▸ What is being asked
Your answer must be the exact lines from the one holding "Bloc plume celluloïd" through the last line of the records below, with no pictures.

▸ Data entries
★ ★ ★
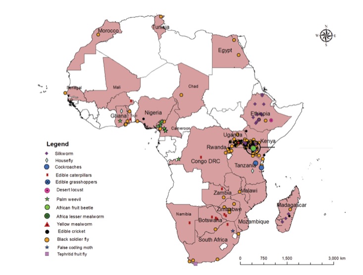 Fig. Distribution of semi-domesticated and domesticated edible insect species in Africa. Countries shaded in white have no insect farming activities and those shaded in brown have operational insect farms for food and feed.
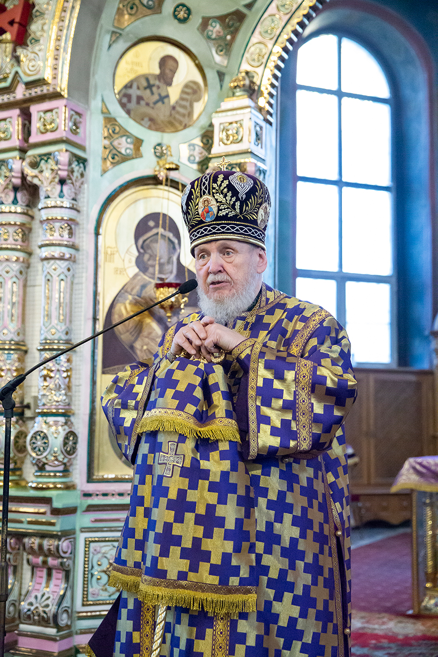 Затем Его Преосвященство обратился к духовенству и молящимся с архипастырским словом.
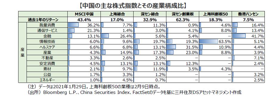 ■バラエティに富む『中国の株式市場』ですが、指数の産業構成比を見るとその特徴がよく表れています。新しい中国の状況は、MSCI中国や深セン市場によく表れると推察されますので、特に注目です。
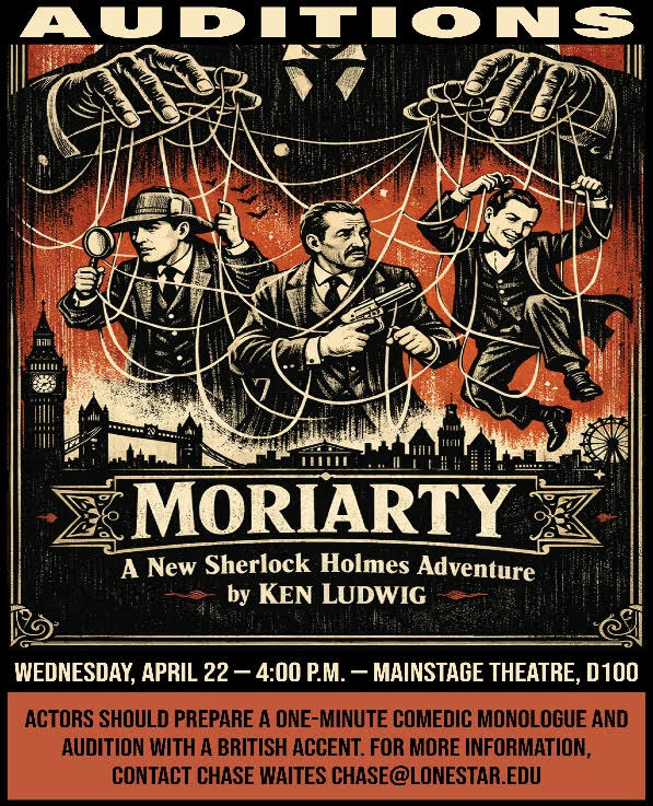 Building on the momentum of its spring production, the department will hold auditions for Moriarty, a fast-paced comedic play by Ken Ludwig that reimagines the world of Sherlock Holmes with humor, theatricality and rapid character changes.
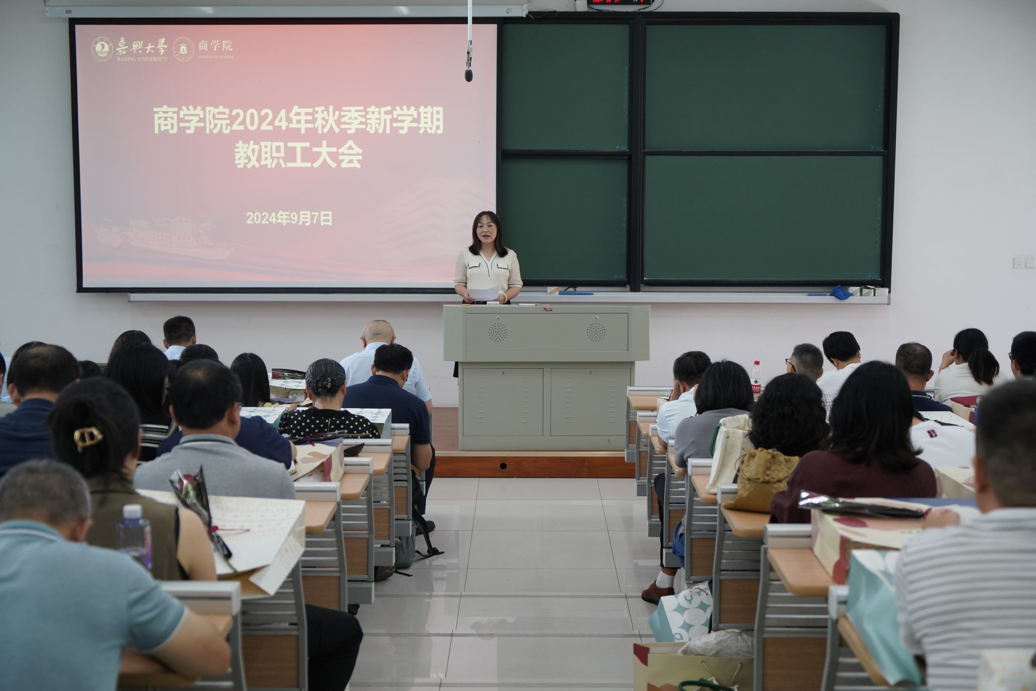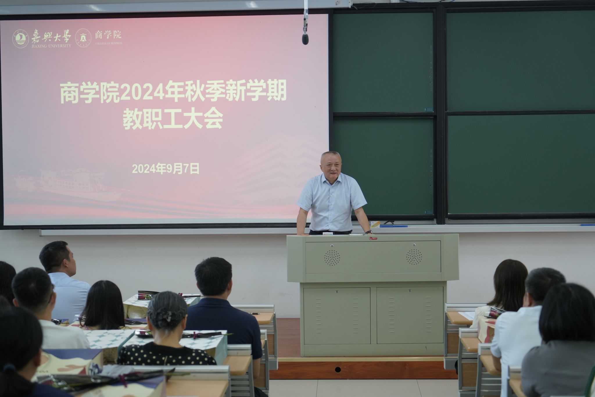 9月7日上午,pg麻将胡了2 在明德楼140召开新学期全体教职工大会。会议由院党委书记虞岚主持。
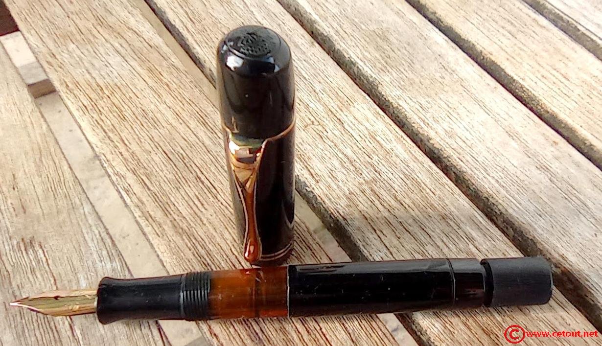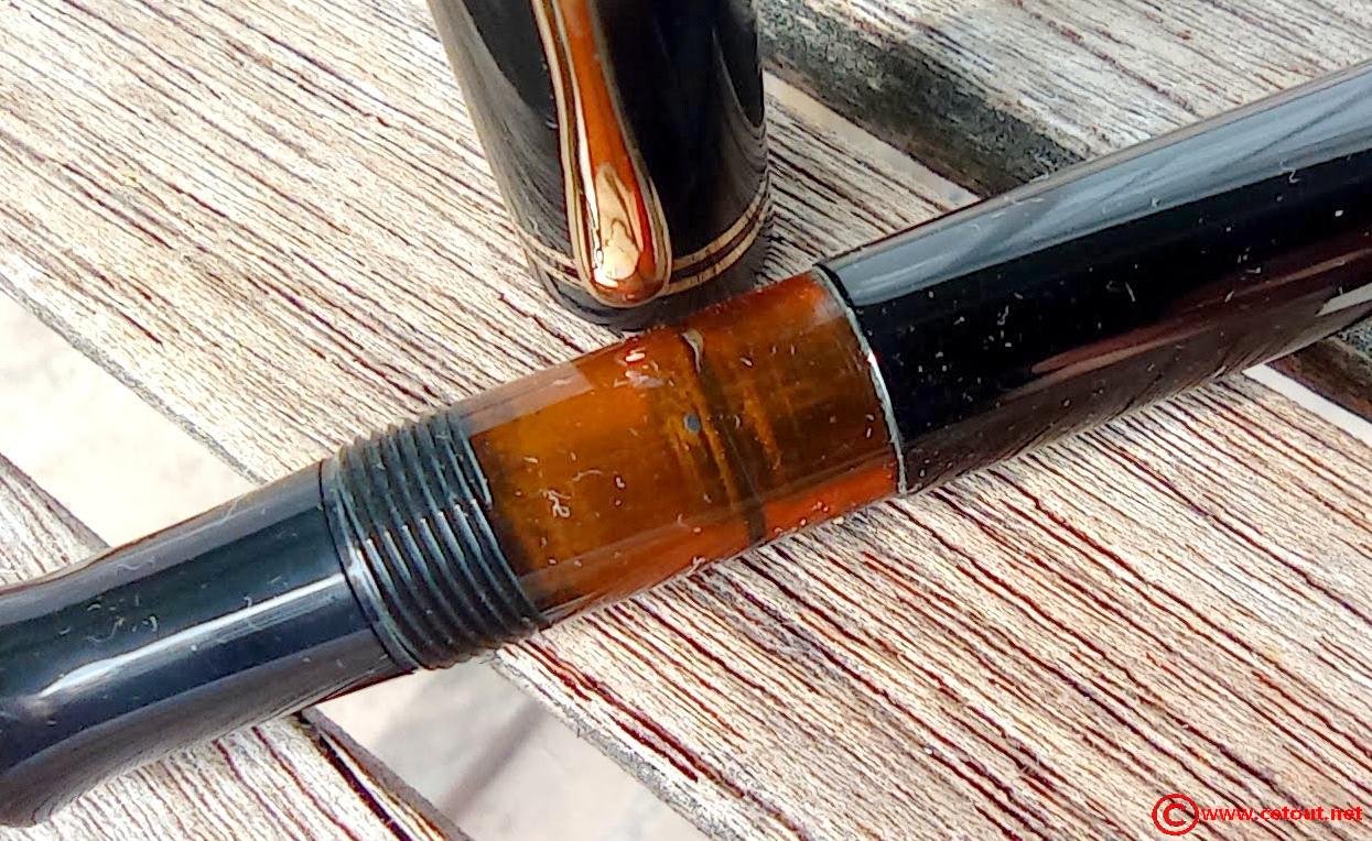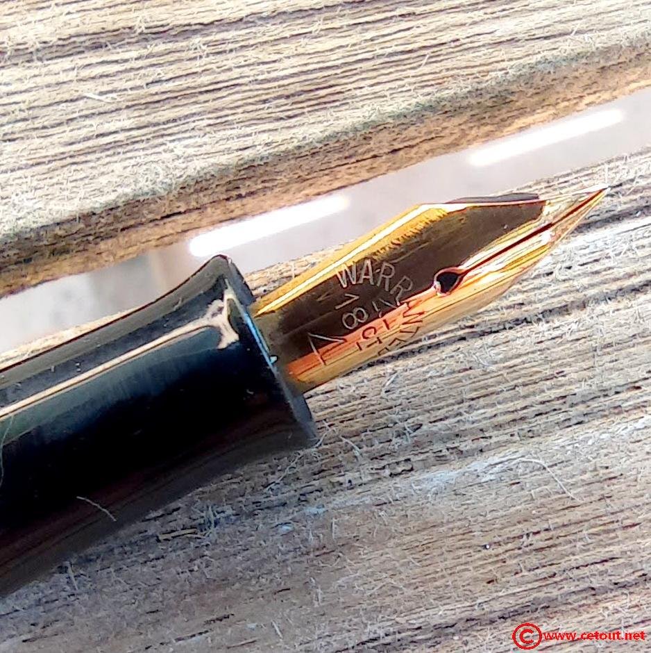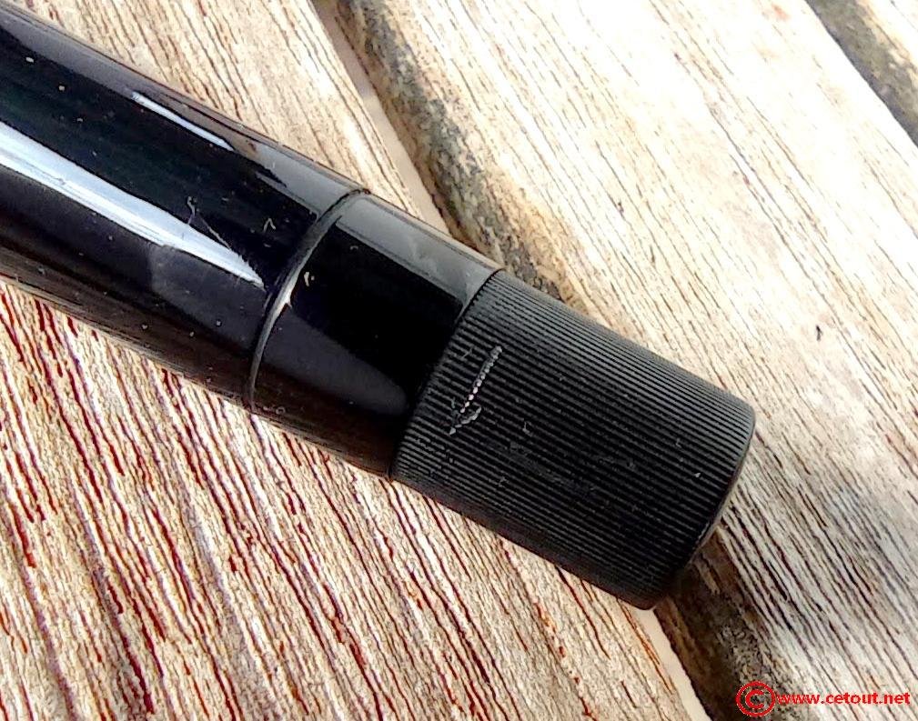 – Bloc plume celluloïd noir : Plume non originale en or gravée « WARRANTED 18CT » et « 4 » dessous
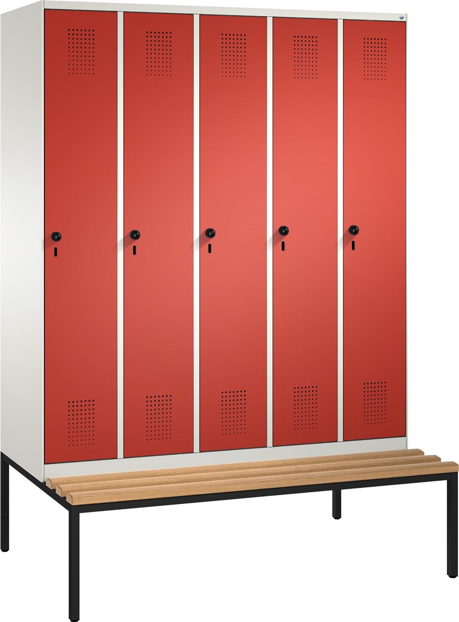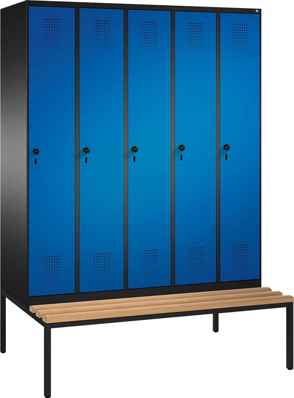 Garderobenschränke einteilig S 3000 EVOLO mit Sitzbank 5 Fächer mit 300 mm breiten Stahltüren
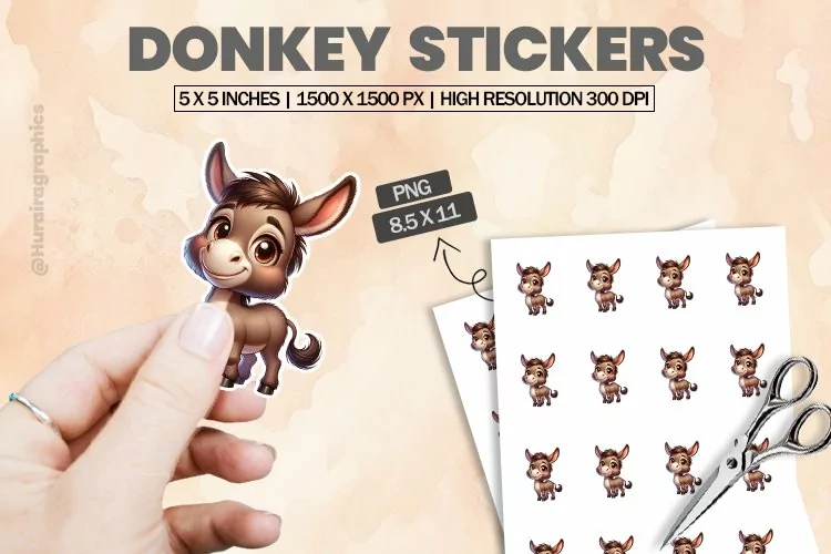 Printable Stickers Printable Sticker Print And Cut Stickers Sticker Png Sticker Sheet Cute Sticker Animal Sticker Donkey Stickers Cut Sticker Sheet
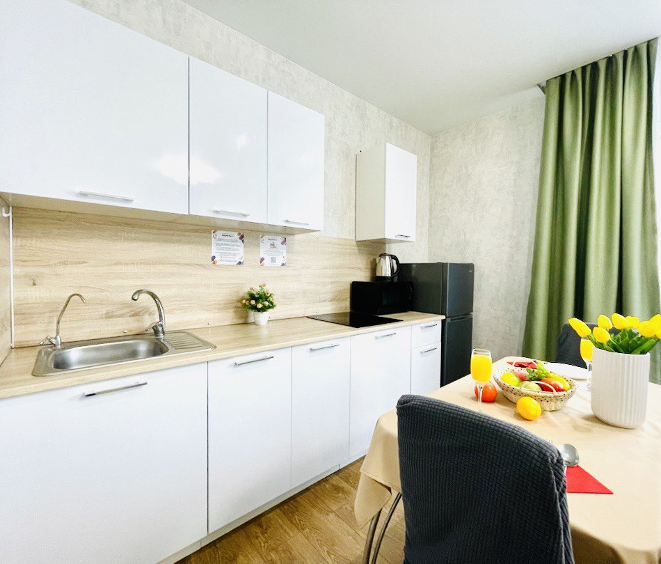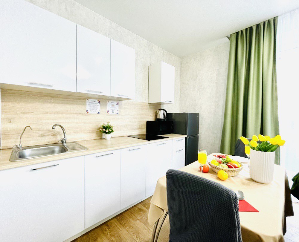 В апартаментах есть вся необходимая техника и мебель, Wi-Fi, постельное белье, полотенца и посуда, все то, что необходимо для комфортной жизни гостей и обусловлено своей функциональностью: для бизнес-путешественников с деловым визитом, в командировку; для семейных пар и с детьми, или просто провести романтический вечер.
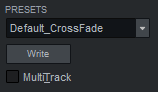 To save the current settings in the Crossfade Editor as a crossfade preset, click the Write button and assign a new name. The saved preset will now appear in the Presets list.
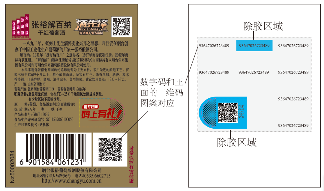 從圖中可以看到,標簽的正面噴印追溯二維碼,防偽數字碼和背面除膠區域噴印,其他背面區域噴印防竄數字碼,正面局部做了撕拉口設計。
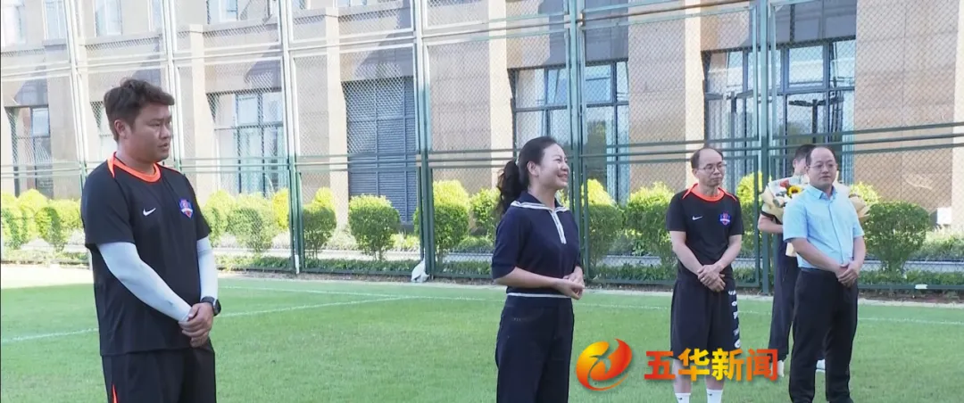 7月5日,在梅州客家足球俱乐部U16梯队勇夺第二届“喀什杯”国际青少年足球邀请赛冠军凯旋之际,五华县副县长赖俊香率队前往横陂足球特色小镇,亲切慰问全体队员及教练员,表彰他们的卓越表现,并致以热烈祝贺和家乡人民的诚挚问候。
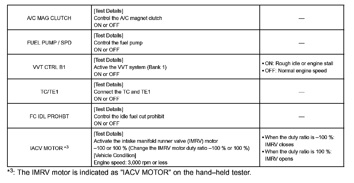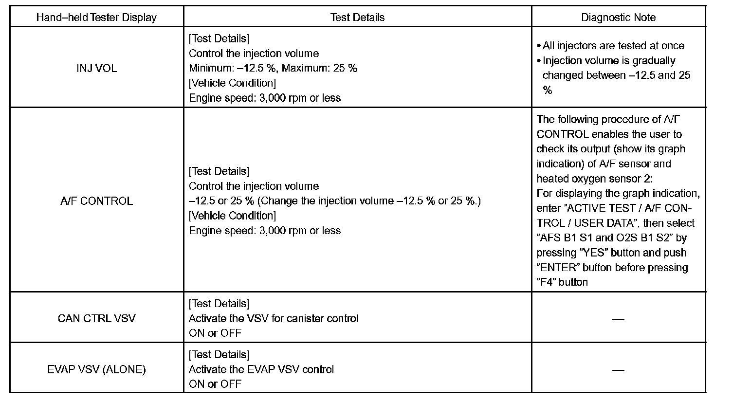 ACTIVE TESTHINT: Performing the hand-held tester ACTIVE LIST allows relay, VSV, actuator and other items to be operated without removing any parts. Performing the ACTIVE LIST early in troubleshooting is one way to shorten labor time. The DATA LIST can be displayed during the ACTIVE TEST.
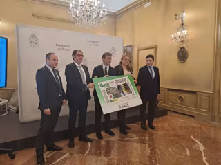 El presidente de la Diputación Provincial de Burgos, Borja Suárez, ha sido el encargado de presentar este cupón, acompañado de la presidenta del Consejo Territorial ONCE en Castilla y León, Araceli de las Heras, del delegado de ONCE en Castilla y León, Ismael Pérez, y del alcalde de Santo Domingo de Silos Emeterio Martin.
★ ★ ★
▸ Response to this exercise
 – Bloc plume celluloïd noir : Plume non originale en or gravée « WARRANTED 18CT » et « 4 » dessous
 Garderobenschränke einteilig S 3000 EVOLO mit Sitzbank 5 Fächer mit 300 mm breiten Stahltüren
 Printable Stickers Printable Sticker Print And Cut Stickers Sticker Png Sticker Sheet Cute Sticker Animal Sticker Donkey Stickers Cut Sticker Sheet
 В апартаментах есть вся необходимая техника и мебель, Wi-Fi, постельное белье, полотенца и посуда, все то, что необходимо для комфортной жизни гостей и обусловлено своей функциональностью: для бизнес-путешественников с деловым визитом, в командировку; для семейных пар и с детьми, или просто провести романтический вечер.
 To save the current settings in the Crossfade Editor as a crossfade preset, click the Write button and assign a new name. The saved preset will now appear in the Presets list.
 從圖中可以看到,標簽的正面噴印追溯二維碼,防偽數字碼和背面除膠區域噴印,其他背面區域噴印防竄數字碼,正面局部做了撕拉口設計。
 7月5日,在梅州客家足球俱乐部U16梯队勇夺第二届“喀什杯”国际青少年足球邀请赛冠军凯旋之际,五华县副县长赖俊香率队前往横陂足球特色小镇,亲切慰问全体队员及教练员,表彰他们的卓越表现,并致以热烈祝贺和家乡人民的诚挚问候。
 ACTIVE TESTHINT: Performing the hand-held tester ACTIVE LIST allows relay, VSV, actuator and other items to be operated without removing any parts. Performing the ACTIVE LIST early in troubleshooting is one way to shorten labor time. The DATA LIST can be displayed during the ACTIVE TEST.
 El presidente de la Diputación Provincial de Burgos, Borja Suárez, ha sido el encargado de presentar este cupón, acompañado de la presidenta del Consejo Territorial ONCE en Castilla y León, Araceli de las Heras, del delegado de ONCE en Castilla y León, Ismael Pérez, y del alcalde de Santo Domingo de Silos Emeterio Martin.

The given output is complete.